=== GIVEN INFORMATION ===
========

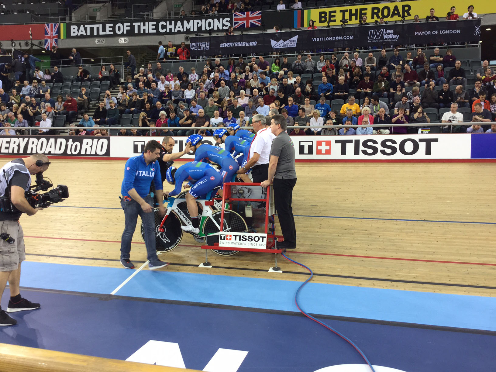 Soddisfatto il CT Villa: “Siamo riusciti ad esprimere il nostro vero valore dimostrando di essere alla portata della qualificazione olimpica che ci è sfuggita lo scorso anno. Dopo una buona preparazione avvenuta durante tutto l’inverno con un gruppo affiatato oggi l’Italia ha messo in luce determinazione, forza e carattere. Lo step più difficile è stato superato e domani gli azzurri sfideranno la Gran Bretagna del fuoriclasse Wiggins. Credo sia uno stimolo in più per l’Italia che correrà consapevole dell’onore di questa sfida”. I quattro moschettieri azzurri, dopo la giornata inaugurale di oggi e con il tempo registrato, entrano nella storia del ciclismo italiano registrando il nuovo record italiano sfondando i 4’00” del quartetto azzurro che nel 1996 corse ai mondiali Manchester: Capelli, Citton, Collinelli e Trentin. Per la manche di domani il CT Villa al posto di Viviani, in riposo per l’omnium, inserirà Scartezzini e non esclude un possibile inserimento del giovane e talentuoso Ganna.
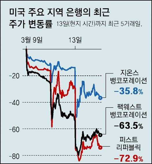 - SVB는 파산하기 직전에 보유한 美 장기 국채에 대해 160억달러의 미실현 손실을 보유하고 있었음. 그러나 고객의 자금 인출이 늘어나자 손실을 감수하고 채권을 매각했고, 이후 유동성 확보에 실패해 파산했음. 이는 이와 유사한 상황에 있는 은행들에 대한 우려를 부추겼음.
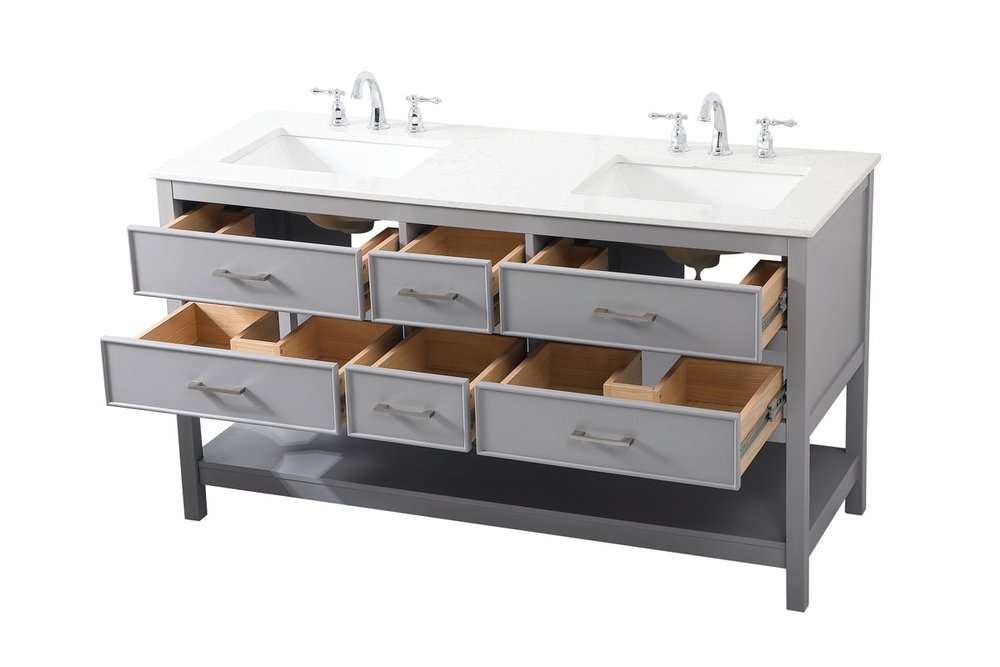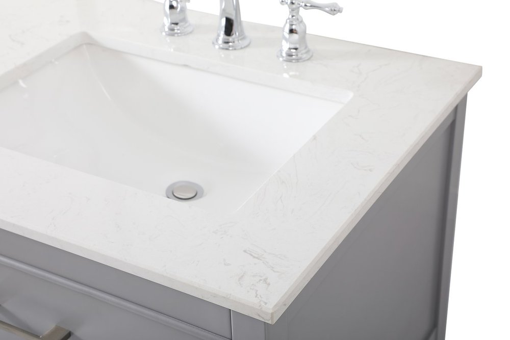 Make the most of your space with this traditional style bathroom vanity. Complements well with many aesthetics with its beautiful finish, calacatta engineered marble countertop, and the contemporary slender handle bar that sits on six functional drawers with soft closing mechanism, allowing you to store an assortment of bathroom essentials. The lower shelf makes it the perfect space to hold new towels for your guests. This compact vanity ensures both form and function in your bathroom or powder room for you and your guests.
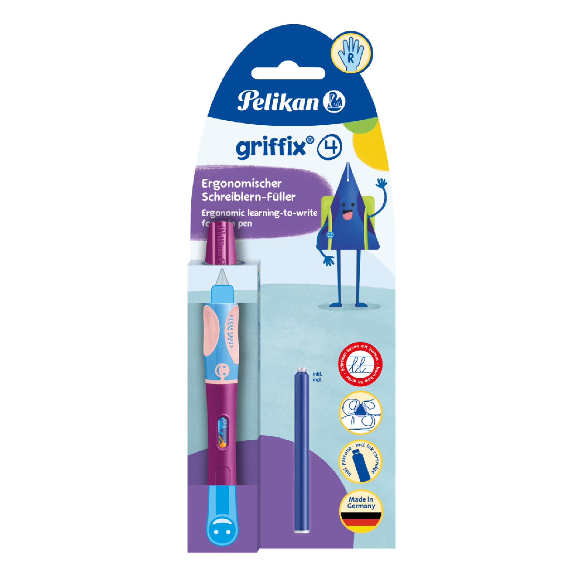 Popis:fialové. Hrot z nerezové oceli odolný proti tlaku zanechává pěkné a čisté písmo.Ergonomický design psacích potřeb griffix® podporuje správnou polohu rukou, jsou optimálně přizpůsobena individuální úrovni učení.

========

=== WHAT NEEDS TO BE DONE ===
Write out again, word for word, the lines from the one holding "Make the most" through the final line of the listing, including both ends but no pictures.

=== ANSWER FOR THE TASK ===
 Make the most of your space with this traditional style bathroom vanity. Complements well with many aesthetics with its beautiful finish, calacatta engineered marble countertop, and the contemporary slender handle bar that sits on six functional drawers with soft closing mechanism, allowing you to store an assortment of bathroom essentials. The lower shelf makes it the perfect space to hold new towels for your guests. This compact vanity ensures both form and function in your bathroom or powder room for you and your guests.
 Popis:fialové. Hrot z nerezové oceli odolný proti tlaku zanechává pěkné a čisté písmo.Ergonomický design psacích potřeb griffix® podporuje správnou polohu rukou, jsou optimálně přizpůsobena individuální úrovni učení.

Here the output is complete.